⟨

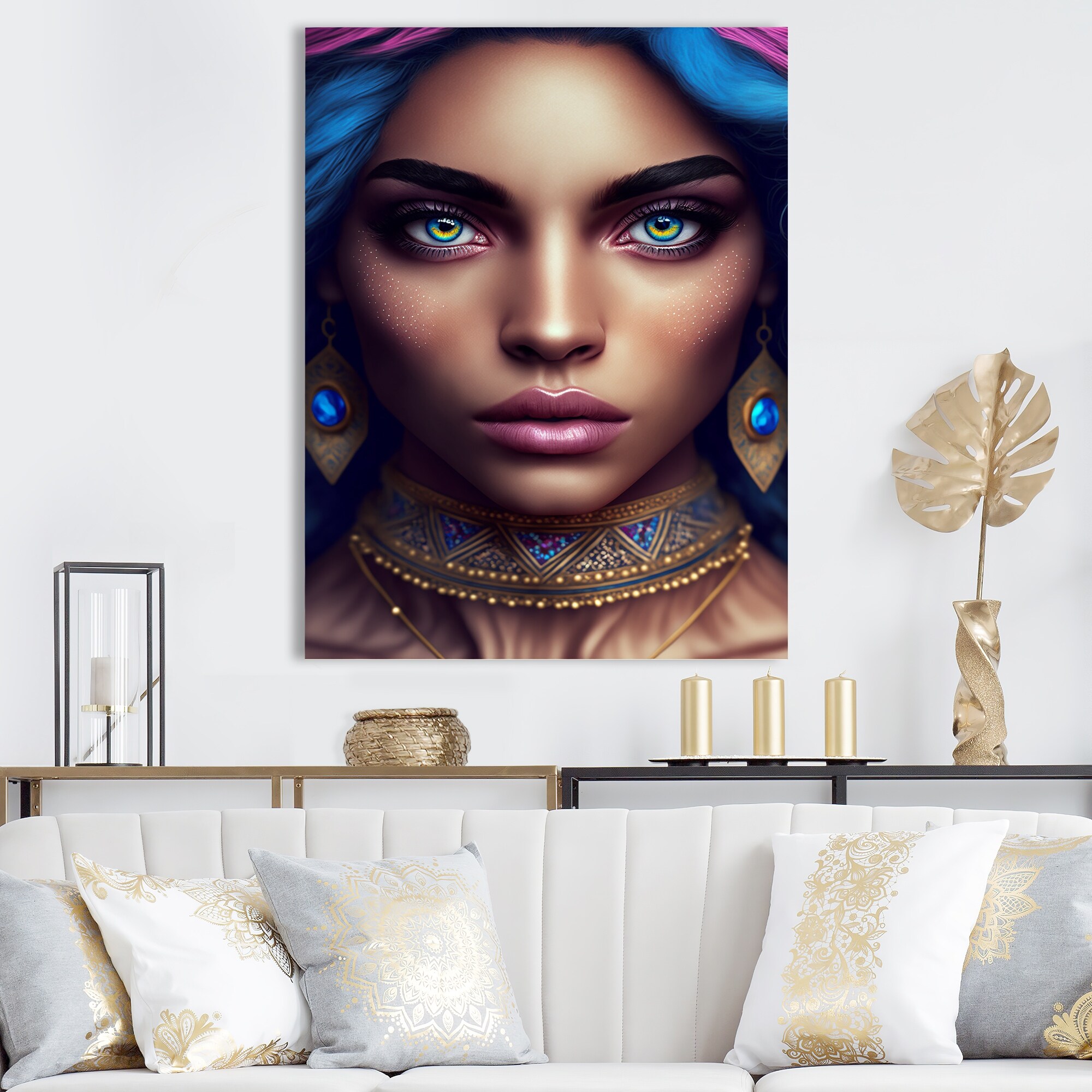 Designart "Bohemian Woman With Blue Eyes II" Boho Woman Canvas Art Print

⟩
⟨

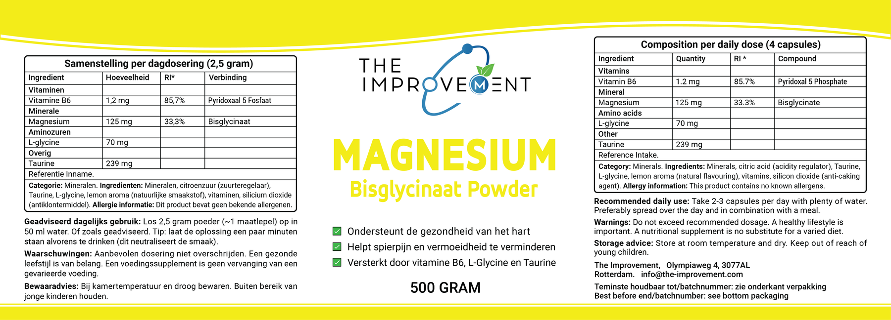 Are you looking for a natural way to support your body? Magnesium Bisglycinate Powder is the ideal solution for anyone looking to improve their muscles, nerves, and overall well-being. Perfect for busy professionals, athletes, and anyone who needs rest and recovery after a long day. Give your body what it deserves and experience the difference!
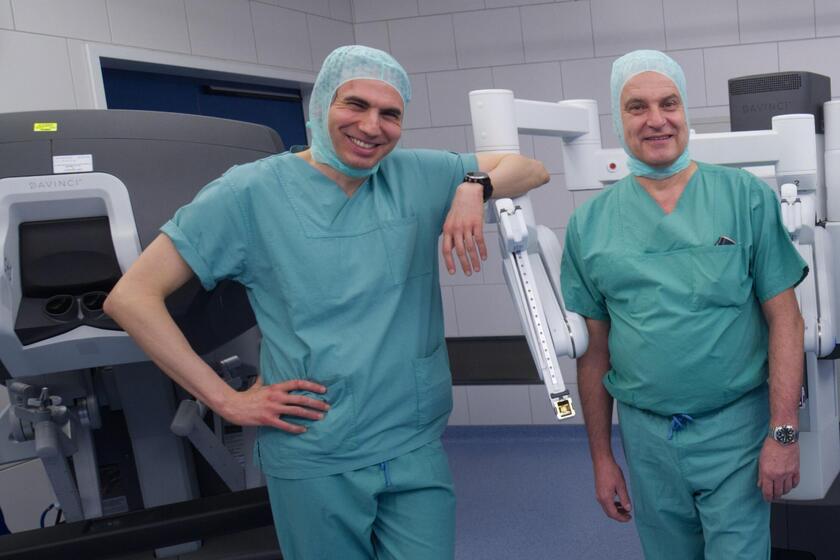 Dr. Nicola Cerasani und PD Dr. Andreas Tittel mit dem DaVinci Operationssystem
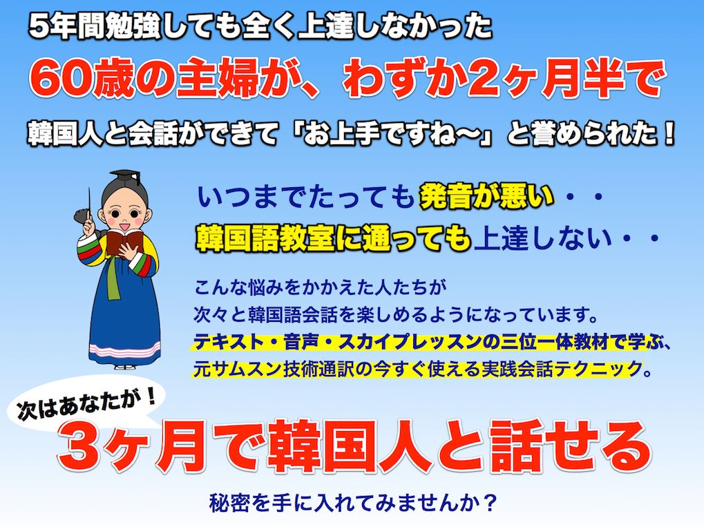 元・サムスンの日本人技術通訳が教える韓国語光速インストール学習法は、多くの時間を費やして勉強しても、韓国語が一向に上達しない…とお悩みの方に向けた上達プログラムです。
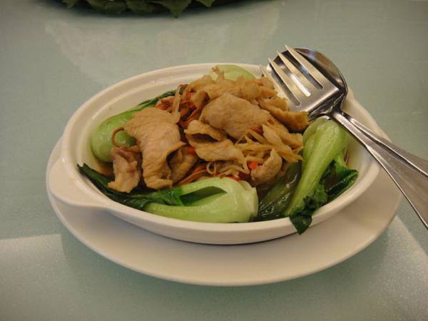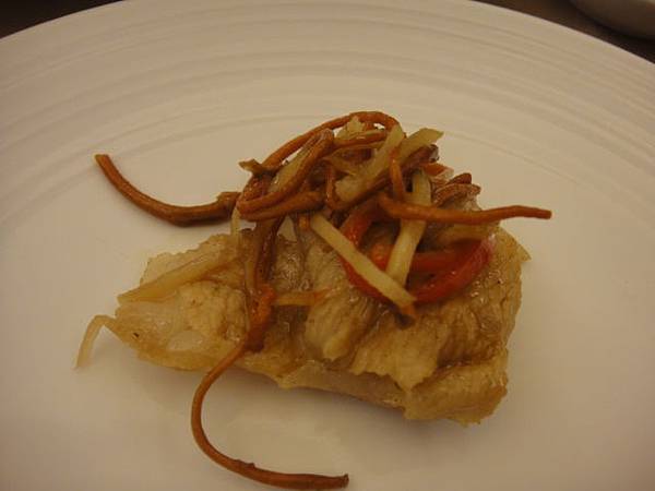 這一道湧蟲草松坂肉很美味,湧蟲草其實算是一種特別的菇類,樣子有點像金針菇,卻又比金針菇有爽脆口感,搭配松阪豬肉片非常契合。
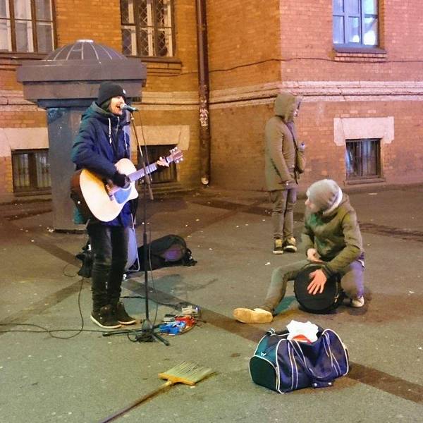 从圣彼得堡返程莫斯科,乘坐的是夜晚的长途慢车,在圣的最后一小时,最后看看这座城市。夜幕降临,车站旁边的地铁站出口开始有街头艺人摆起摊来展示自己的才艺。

⟩

Problem requirements: In the data above, the stretch from the line with "這一道湧蟲草松坂肉很美味,湧" through the line with "从圣彼得堡返程莫斯科,乘坐的" is to be returned exactly, minus any pictures.

Task solution:
 這一道湧蟲草松坂肉很美味,湧蟲草其實算是一種特別的菇類,樣子有點像金針菇,卻又比金針菇有爽脆口感,搭配松阪豬肉片非常契合。
 从圣彼得堡返程莫斯科,乘坐的是夜晚的长途慢车,在圣的最后一小时,最后看看这座城市。夜幕降临,车站旁边的地铁站出口开始有街头艺人摆起摊来展示自己的才艺。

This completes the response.